One-Year Price Performance

Industry’s Current Valuation

On the basis of the forward 12-month price-to-earnings (P/E) ratio, which is a commonly used method of valuing electronics focused companies, we see that the industry is currently trading at 51.6X, much higher thano the S&P 500’s 21.1X and also above the sector’s forward-12-month P/E of 23.8X.

Over the past year, the industry has traded as high as 51.6X, as low as 36.2X and at the median of 40.1X, as the chart below shows.

Forward 12 Month Price-to-Earnings (P/E) Ratio

Bottom Line

The industry has compelling reasons to buy, as it is one of the beneficiaries of the pandemic. Moreover, change in customer behavior toward doing more shopping online is likely to be a lasting trend. This could increase operating costs in the near term, but has positive implications for future earnings.

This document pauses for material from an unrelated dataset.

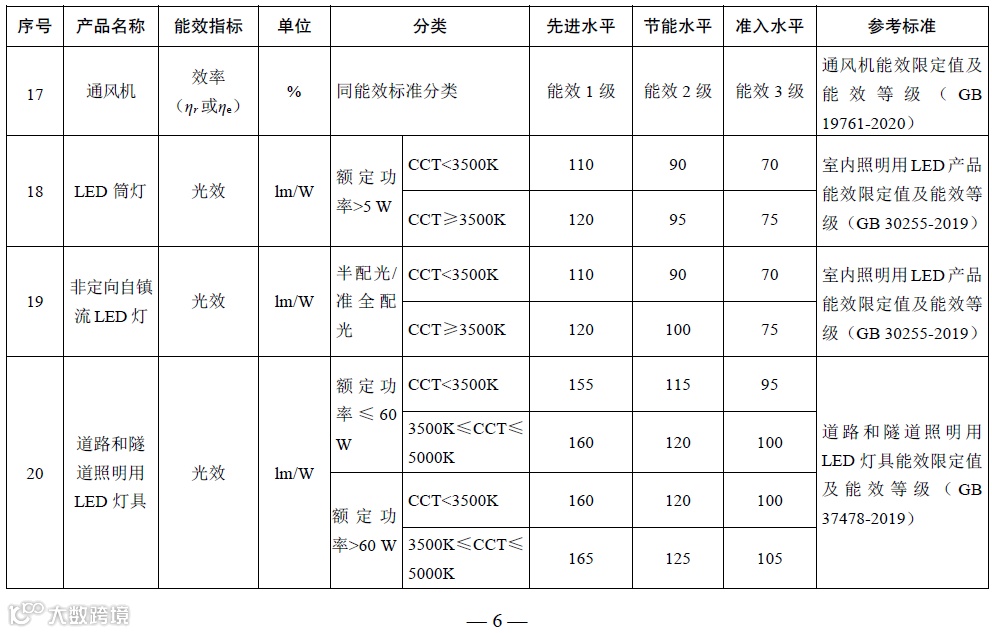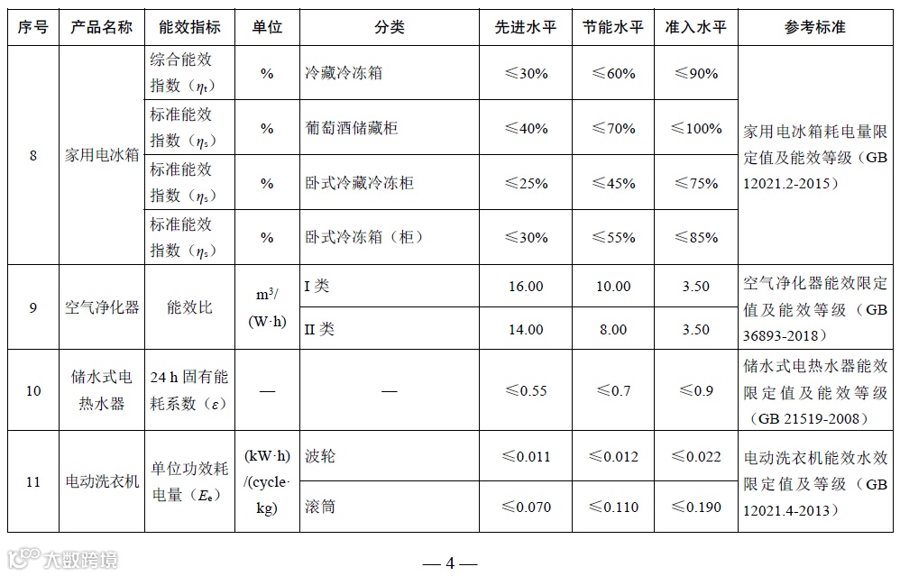 为相关产品设备进入市场的最低能效水平门槛,数值与现行有关能效标准限定值一致;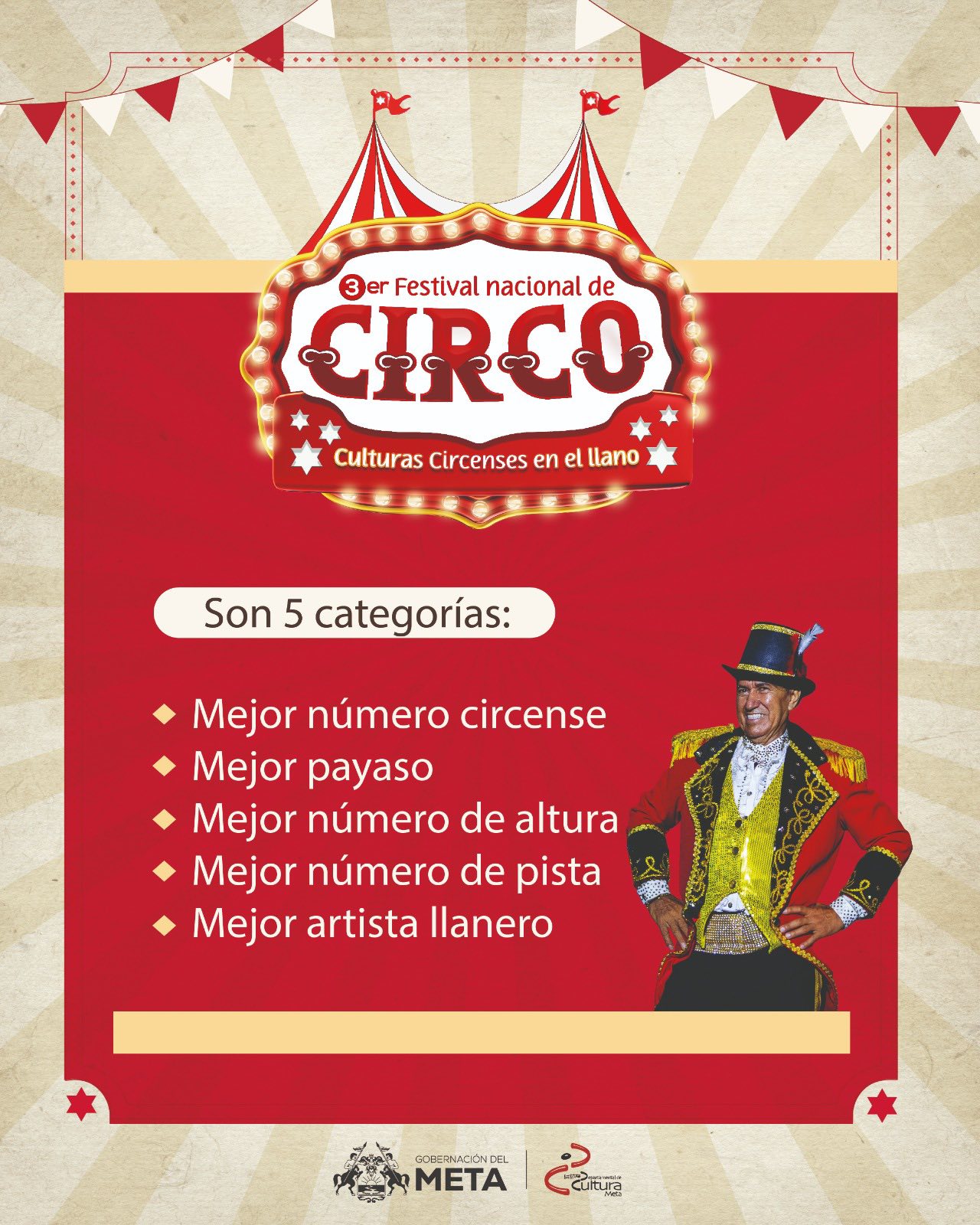 Los participantes podrán postularse a las categorías de Mejor Payaso/Payasa, Mejor Número de Altura, Mejor Número de Pista, Mejor Número Circense y Mejor Artista Llanero, disponible para residentes del Meta con mínimo dos años de permanencia. Además, el festival ofrecerá una variada programación que incluye conversatorios, rueda de prensa con artistas invitados, talleres formativos, funciones con artistas nacionales y departamentales, y presentaciones en centros comerciales y parques de la ciudad. Las funciones de apertura y cierre se realizarán bajo una infraestructura de carpa llanera.

Valuation appears rich given the many unknowns although the industry will fare better than most others in the current environment. Here are a few stocks in the industry with buy ratings (Zacks Ranks #1 and #2). You can see the complete list of today’s Zacks #1 Rank (Strong Buy) stocks here.

Health Insurance Innovations Inc. : The Zacks Rank #1 stock is up 7.8% over the past year. The Zacks Consensus Estimate for the current-year EPS is up a penny in the last 60 days.

Price and Consensus: BFYT

 

Wayfair Inc. (W - Free Report) : The Zacks Rank #1 stock has gained 33.3% over the past year. The Zacks Consensus Estimate for the current-year loss is down $4.65 in the last 60 days

Price and Consensus: W    

 

eBay Inc. (EBAY - Free Report) : The Zacks Rank #2 stock has gained 17.1% over the past year. The Zacks Consensus Estimate for the current-year EPS is up 7 cents in the last 60 days.

Price and Consensus: EBAY                                              

 

Alibaba.com Inc. (BABA - Free Report) : The Zacks Rank #2 stock has gained 17.8% over the past year. The Zacks Consensus Estimate for the current-year EPS is down 16 cents in the last 60 days.